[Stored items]

☆ ☆ ☆

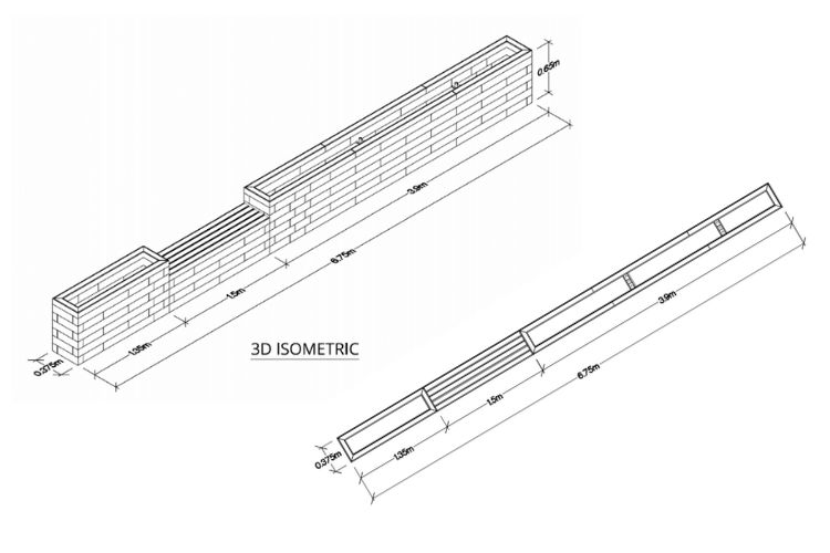 Après avoir mesuré l’espace à l’extérieur du bâtiment, l’équipe de la salle de yoga a envoyé une demande avec des dessins et quelques photos via notre service de conception gratuit afin de créer une jardinière surélevée étroite avec un banc intégré au rebord moderne. Pour que l’entrée de la salle reste accessible à tous, le plan devait faire 37,5 cm de large et 6,75 m de long au total afin de longer pratiquement tout le bâtiment.
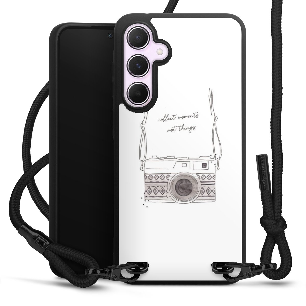 Pure Black: Handyhülle, Stoffband und Metalldetails in stylischem Mattschwarz.
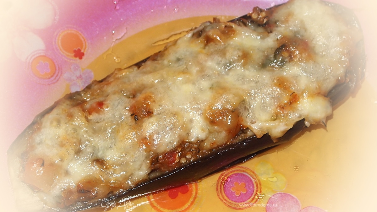 - Шаг 9Приготовленным фаршем. наполняем баклажановые лодочки, посыпать тёртым сыром (тереть на крупной тёрке) и запечь 10 мин. при t-180гр. Запекать до золотистой сырной корочки.
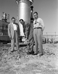 Turning the first spadeful of dirt for construction of a $750,000 platforming unit at the Fort Worth plant of Premier Oil Refining Company of Texas is R. P. Hargis, Longview, president of the firm. Watching are L. G. Dufilho, left, Longview, general superintendent of refining operations, and Lawrence Connellery, right, superintendent of the Fort Worth plant. Published in Fort Worth Star-Telegram evening edition, October 10, 1950. Three men dressed formally. A man in center is digging a shovel in the ground.
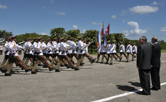 Junto al jefe de Estado cubano, en el Memorial recibieron al gobernante ruso el canciller Bruno Rodríguez Parrilla y el General de Cuerpo de Ejército Álvaro López Miera, viceministro primero del MINFAR y Jefe del Estado Mayor General.

☆ ☆ ☆

Nothing but the lines from the one that contains "Turning the first" through the last line of the records belongs in the answer, reproduced exactly, with no pictures.

 Turning the first spadeful of dirt for construction of a $750,000 platforming unit at the Fort Worth plant of Premier Oil Refining Company of Texas is R. P. Hargis, Longview, president of the firm. Watching are L. G. Dufilho, left, Longview, general superintendent of refining operations, and Lawrence Connellery, right, superintendent of the Fort Worth plant. Published in Fort Worth Star-Telegram evening edition, October 10, 1950. Three men dressed formally. A man in center is digging a shovel in the ground.
 Junto al jefe de Estado cubano, en el Memorial recibieron al gobernante ruso el canciller Bruno Rodríguez Parrilla y el General de Cuerpo de Ejército Álvaro López Miera, viceministro primero del MINFAR y Jefe del Estado Mayor General.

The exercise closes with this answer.